Las personas que saben desarrollar el poder creador de la palabra construyen el
mundo. Las que utilizan la palabra como una bomba de odio y rencor lo
destruyen. Las malas palabras son como una guerra mundial a trozos. Quienes han recibido el carisma de la bendición, quienes pronuncian palabras afirmativas, transforman más el mundo que quienes se dedican a construir carreteras o poner inyecciones porque la palabra es creadora de identidad, llega al corazón de las personas, penetra en el santuario de la conciencia.
El capítulo 3 de la carta de
Santiago es una pequeña joya. Os invito a leerlo entero en el enlace
anterior. Nos regala pistas para el buen uso de la palabra. Comienza
reconociendo una verdad como un templo: “Todos
fallamos muchas veces: el que no falla con la lengua es varón cabal, capaz de
frenar todo el cuerpo” (v. 3). Después sigue describiendo los efectos de la
lengua para llegar a una conclusión un poco desalentadora: “La lengua nadie la logra domar: mal infatigable, lleno de veneno
mortífero.
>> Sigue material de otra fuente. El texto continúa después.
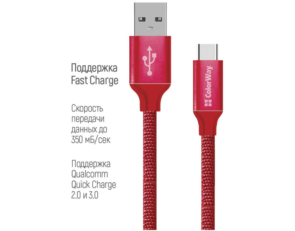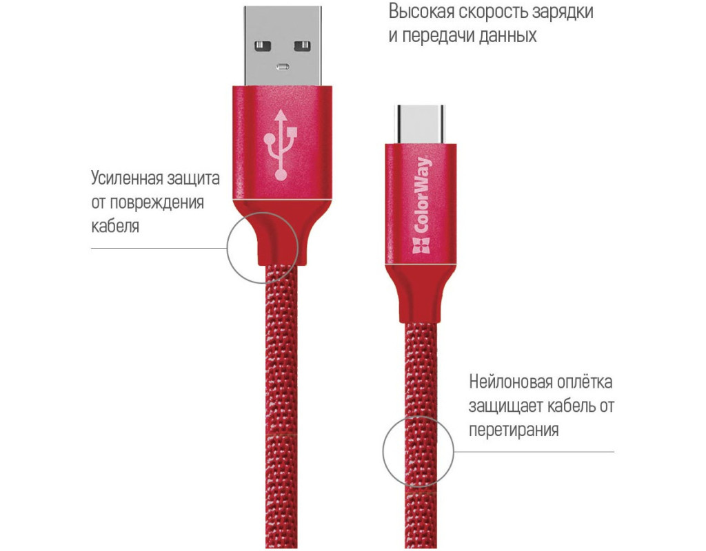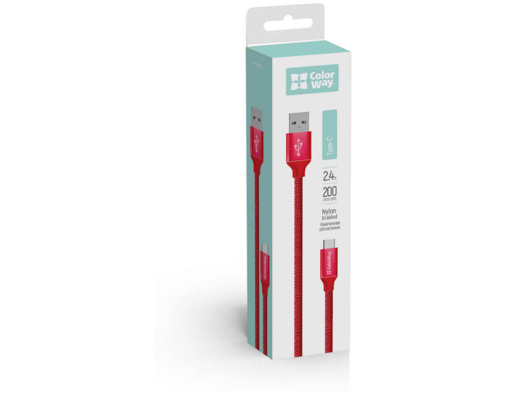 Дата кабель USB 2.0 AM to USB-C 2.0m red ColorWay (CW-CBUC008-RD)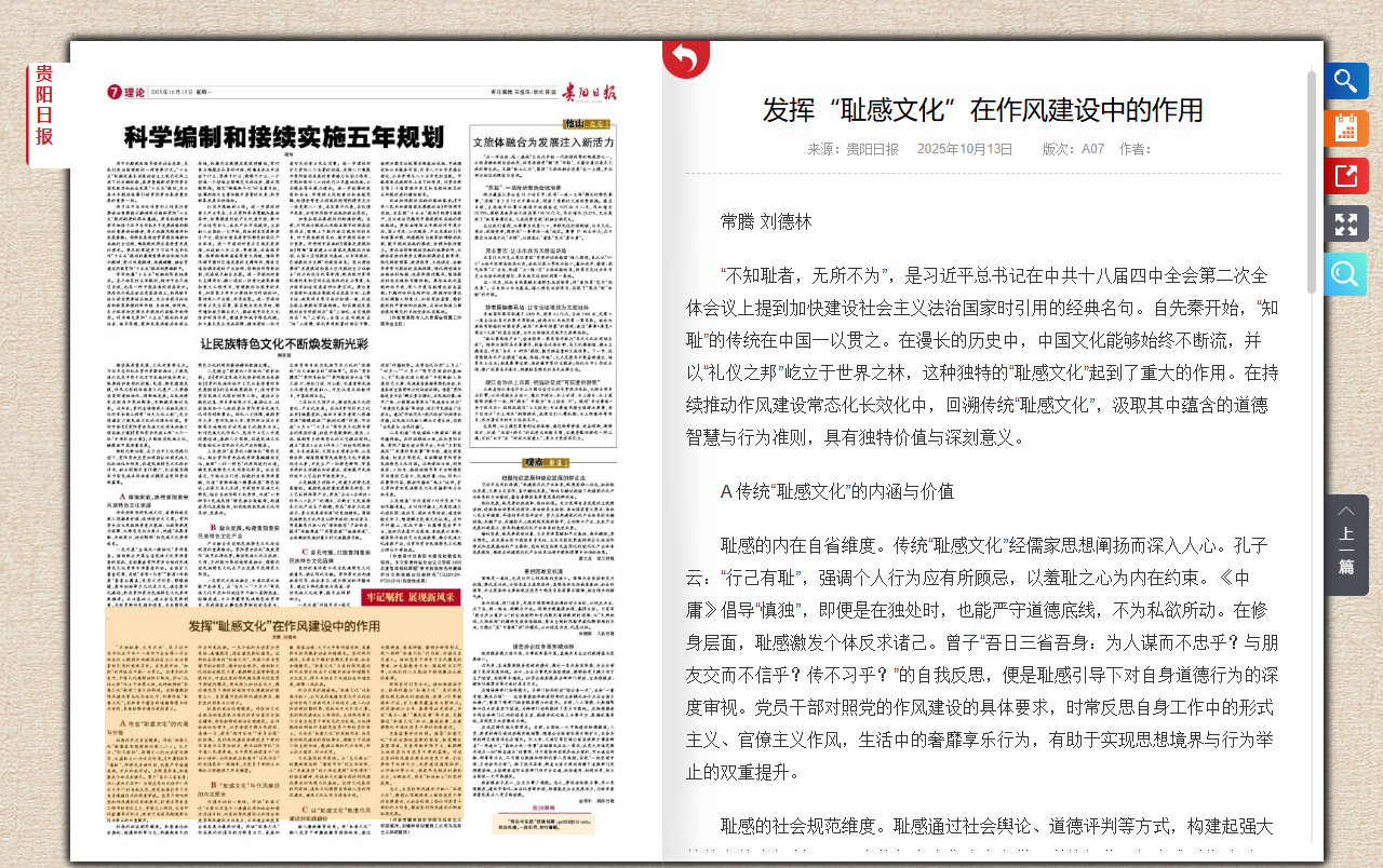 文化基因的同源性。从“克己奉公”的廉政理念到 “勤俭节约”的生活准则,从“求真务实”的工作态度到“为民请命”的担当精神,传统耻文化蕴含党的作风建设要求的思想文化基础。这种文化基因的同源性,使耻文化能够自然融入党的作风建设,增强文化认同与情感共鸣。

Con ella bendecimos al Señor y Padre, con ella maldecimos a los
hombres creados a imagen de Dios” (8-9). Examinando el lenguaje de los
políticos, por ejemplo, uno cae en la cuenta de las distorsiones y
manipulaciones de las conciencias que pueden hacer mediante un uso torticero de
la palabra. Es increíble cómo algunos, aunque vendan humo, consiguen enardecer a las masas. Otros,
aunque canten con claridad las verdades con claridad meridiana, no son escuchados, quizá porque cada uno
escuchamos lo que queremos oír. O porque la mentira es a menudo más empalagosa que la verdad. Sin embargo, solo la verdad nos hace libres. Conviene no olvidarlo nunca, sobre todo en momentos de confusión personal o delirio colectivo.
Todo esto viene a
cuento para acentuar solo una cosa: la hondura de la expresión “Te
doy mi palabra”. Cuando decimos esto no estamos afirmando que le estamos entregando a
nuestro interlocutor un vocablo sonoro y eufónico, sino que nos estamos
entregando nosotros mismos. La palabra es lo más valioso que tenemos: es
expresión de nuestra propia identidad. Te
doy mi palabra equivale a decir: puedes contar conmigo, fíate de mí, estoy
a tu lado, no te voy a fallar. Los hombres y mujeres cabales son personas “de palabra”;
es decir, confiables. Por el contrario, cuando decimos de alguien que no es
hombre o mujer “de palabra”, queremos decir que no nos podemos fiar. Faltan
menos de diez días para la Navidad. El miércoles escribí que sin
Adviento no hay Navidad. ¿Cómo transformar estos días en una
preparación para acoger a la Palabra “hecha carne” (Jn 1,14). La Navidad es el
saludo de Dios al mundo. Él nos dice con toda verdad: “Te doy mi Palabra”; es
decir, te doy todo lo que soy y tengo: mi propio hijo. Por eso, podéis fiaros
de mí. No soy un Dios arbitrario que juegue al escondite: ahora sí, ahora no. Os
he dado mi Palabra. El pacto no se rompe porque “la palabra de Dios permanece
para siempre” (Is 40,8; 1 Pe 1,25). Todavía hay tiempo para acoger con serenidad y gratitud este
mensaje.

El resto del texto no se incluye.